My obsession with tiny metal things has so far proven to be not to be a genetic disorder. Older Son and Middle Daughter haven’t shown much interest in the collection and painting of miniatures and Baby Son, although extremely interested in eating every choking soldier he can find, has not yet found time to master the finer arts of painting and assembling. All members of my family have at one time or another commented unkindly, even to the extent of banishing me and my hordes to my tiny alcove where my computer resides, they now only make an appearance for the nightly painting sessions in front of the TV. This situation changed dramatically on the weekend.

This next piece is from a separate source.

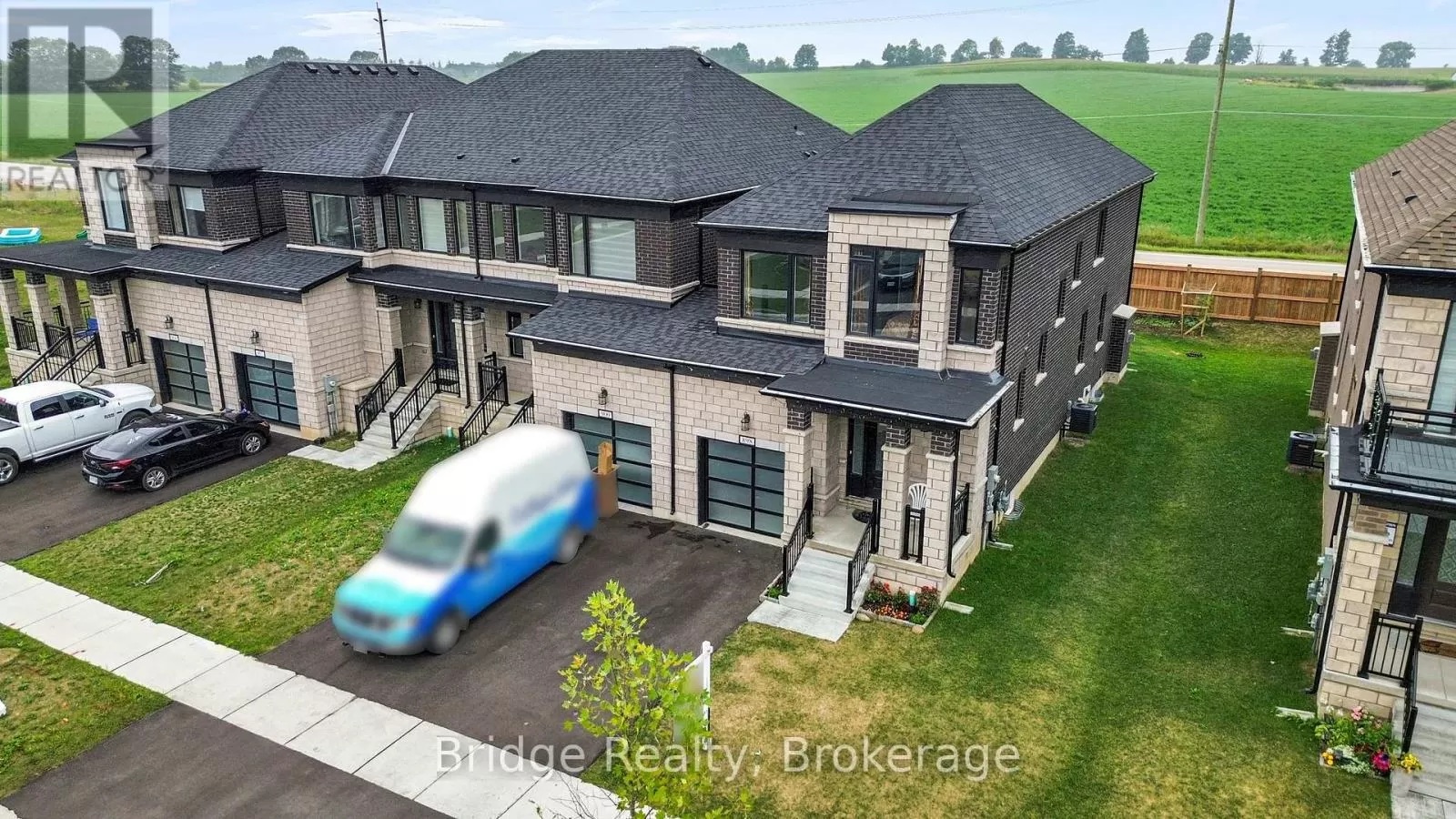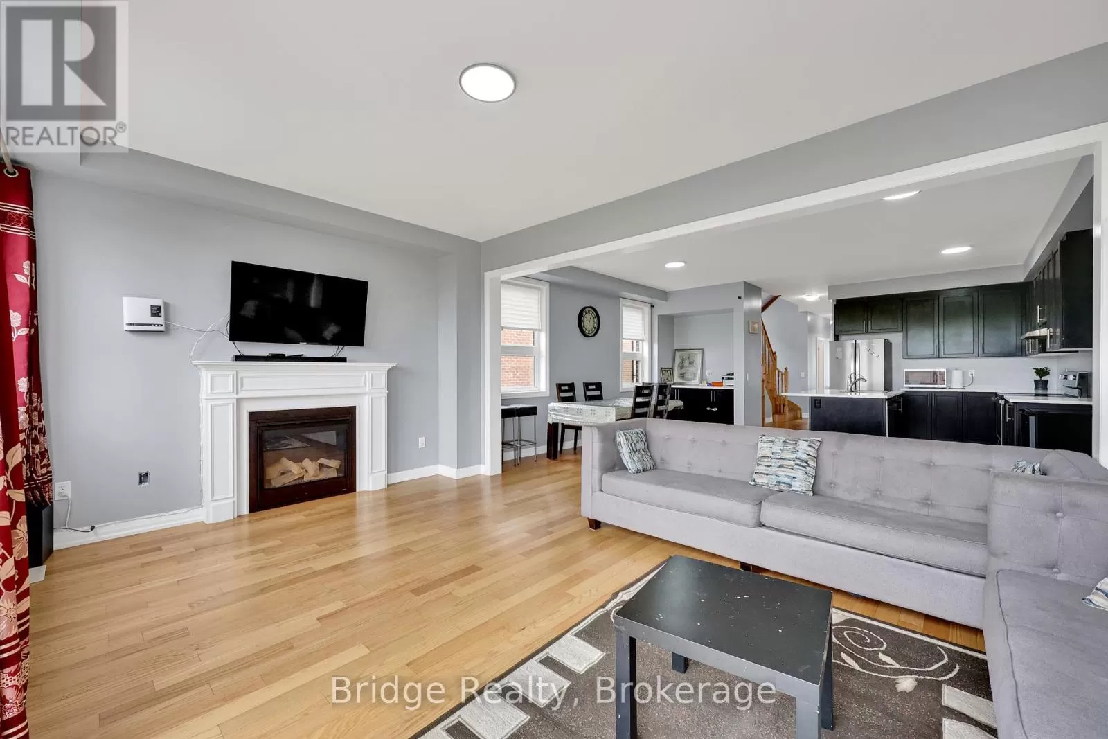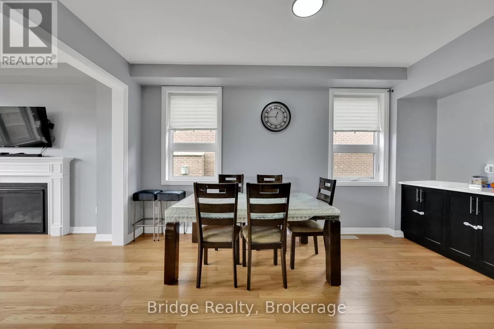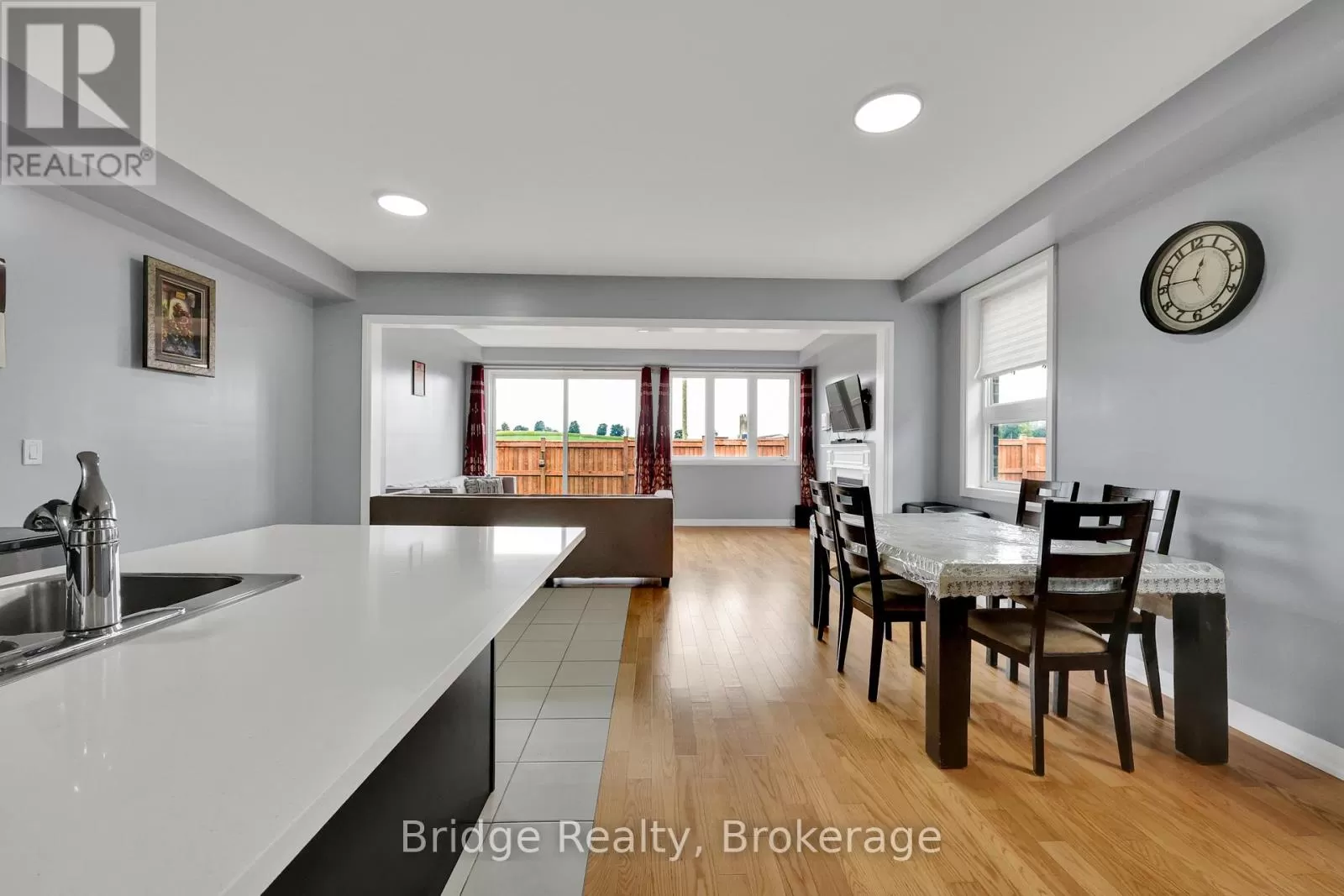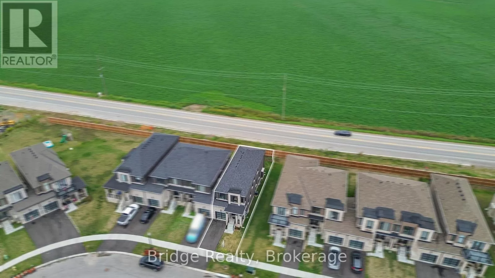 Sobeski Ave & Queenston Blvd This bright and spacious 4-bedroom, 3-bath end-unit townhome offers the feel of a semi-detachedand boasts 2,117 sq. ft. of living space (as per MPAC) with beautiful unobstructed views offarmland at the back. The open-concept main floor is filled with natural light and features alarge great room with a walk-out to the garden, a separate dining area, and oak strip hardwoodflooring throughout. A cozy gas fireplace adds warmth to the living space, while the moderneat-in kitchen showcases quartz countertops and stainless steel appliances. Upstairs, youllfind four generously sized bedrooms, including a primary suite with a luxurious 5-piece ensuitefeaturing a soaker tub and glass-enclosed shower. A second full bath and a convenient laundryroom complete the upper level. The full-height unfinished basement offers ample storage or thepotential for future living space. Parking includes an attached single-car garage and a privatedriveway. Located in a desirable neighborhood, this home is within walking distance to GurdwaraSahib, grocery stores, pizza and Indian restaurants, and the Thames River Conservation Area,and is just minutes from Hwy 401 and other amenities. Dont miss this rare opportunity! (id:27476)
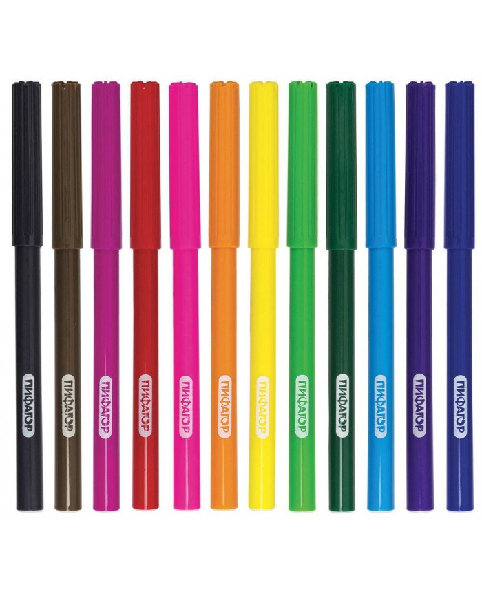 Обладают яркими цветами в количестве 12 штук. Имеют удобную круглую форму корпуса, длина которого 145 мм, а диаметр - 8 мм. Благодаря толщине линии пи..

A trip to my Local Retailer of Addictive Hobbies (LRAH) with Older Son found us standing in front of the well stock 40K shelves. To my surprise he expressed a burning desire to build and paint some Space Marines. Now to put this in perspective; I am not a fan of the GW product. I don’t mind the back story and fluff, in fact their fluff is probably the best fluff around but you have to remember I come from a Traveller background, not exactly “hard” science fiction but not D&D in space either. At this point the credit card was feeling generous and we begun to investigate the best way to start. The first surprise came when we picked up the rule book, thinking this a good place to start I was a little taken aback with the ninety-five dollar price tag (that buys a lot of 15mm miniatures or possibly around two or three good rule sets) although our mates at Battlefront seem to have adopted this policy as well. Second surprise came with the miniatures, five miniatures for forty dollars- madness! There was even one walker style thing from the Tau that was fifty dollars for one and they are plastic- more madness! At this point I was busy back pedaling from my “pick anything” statement to “pick nothing and we can order a nice NAC company from GZG and get some change” when Older Son pulled a large box labeled “Warhammer 40,000: Assault on Black Reach”, my heart dropped fearing an imminent house sale to cover the massive expenditure. To my surprise the contents actually represented good value in the context of the rest of the range representing bad value and they even included a rule book!
Older Son has the power to distill what at face value appears to be an expensive an unnecessary purchase into an essential and feature laded purchase that will deliver endless days of joy and thus when amortized over its expected lifespan deliver a return on investment that will exceed expectations, a salesman in the making. The box went to the counter and home to the kitchen table where the four sprues of Airfix like plastic awaited assembly. To give them credit GW have taken what I like to call the “drug dealer” approach: the first hit is free but once you are addicted you pay through the nose. This is pretty much a standard marketing tactic but at the end of the day did I fell ripped off? I had a good think about this and I have to say that it’s a resounding “no”. Let’s face it, it’s an exciting and well put together product which both myself and Older Son will have a blast painting and playing with. We can use some of the existing terrain already in use for my 15mm stuff and it gives him an accessible entry point into the hobby. It may not be to my liking but to be completely honest, I am excited about finally learning what all the fuss is about, after all, he could have been interested in fantasy and that would have been a complete disaster!